この企業、10年ぐらい前までは店舗で勢いを感じたものなのですが、最近は力強さをめっきり感じなくなってしまいました。創業社長が退いて娘婿が経営をはじめてからオペレーションパワーが弱くなったように思ってます。


しばらく投資企業の傘下にいて、資産の整理をして企業価値を上げて、ひょっとするとその間に経営者が代わり、どこかにすべて売却して創業一族はお金を手にして退く、というシナリオなんじゃないでしょうかね。


<追記>
明日より研修のコーディネートで出張となるためアップデートがまばらとなりますがご容赦ください。時間があれば、店舗の情報でも載せたいと思っています。

投稿者: 鈴木敏仁 日時: 12:53 PM |

October 11, 2011

[フレッシュ&イージー] 狙い撃ちの規制がカリフォルニア州で成立

カリフォルニア州においてセルフレジしか置かない店でお酒を売ることができないとする規制が成立しました。
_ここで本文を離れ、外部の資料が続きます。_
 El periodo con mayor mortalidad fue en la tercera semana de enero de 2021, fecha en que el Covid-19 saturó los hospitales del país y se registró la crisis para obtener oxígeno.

来年の1月1日より販売が不可能となります。
お酒を売りたければ必ずフルサービスのレジを最低一つ設置しなければなりません。


この規制、フレッシュ&イージーを狙い撃ちするものであります。
セルフレジのみでお酒を売っているリテーラーはフレッシュ&イージーだけですから。

実は規制化に向けて後ろ盾となって強くプッシュしたのがUFCW(食品労働者組合)でして、なぜかというと、フレッシュ&イージーが非組合企業だからなんです。

UFCWは、ウォルマート、ターゲット、コストコ等の組合化を認めない大手企業に対してあらゆる手を使って攻撃をかける組織で、例えばウォルマートに対するアンチ運動が有名ですが、今回はお酒を武器にしてフレッシュ&イージーを狙い撃ちして成功したというわけです。


セルフレジとは言うものの必ず担当者が一人いて、酒をスキャンするとその店員が年齢確認するまで買えない仕組みになっているので、セルフレジでもほぼ問題ないと思います。

それとフルレジを最低一つ置くことを条件としているのですが、"セルフレジでお酒を買う"という購買行動はいずれにしても可能なわけで、フルレジが必要だとする意味がどこにあるのかよく分からない。
"フルレジのキャッシャーがセルフレジに目を光らせる"ということかもしれないけど、それならば、セルフでも担当者が一人いるわけだから何も変わりませんよね。


アメリカの酒規制は古い時代を引っ張っていてもともと不合理な点が多いのですが、ここに組合が絡むとさらに不合理になるということでしょうかね。


まあ消費者としてはいずれにしてもレジを通らなければならないのでそれほど大きな不都合はないのですが、フレッシュ&イージーはちょっと大変ですね。1月1日に向けて、フルレジを設置し、キャッシャーを雇わなければなりません。
何か抜け穴でも見つけない限り、コストアップは避けられない状況となりました。

投稿者: 鈴木敏仁 日時: 1:02 PM |

October 10, 2011

[フレッシュ&イージー] 赤字が縮小、この6ヶ月間がカギ

テスコが第2四半期の決算を発表し、その中で米国事業についてコメント、フレッシュ&イージーの赤字が減って来年度中の黒字化は予定通りだそうです。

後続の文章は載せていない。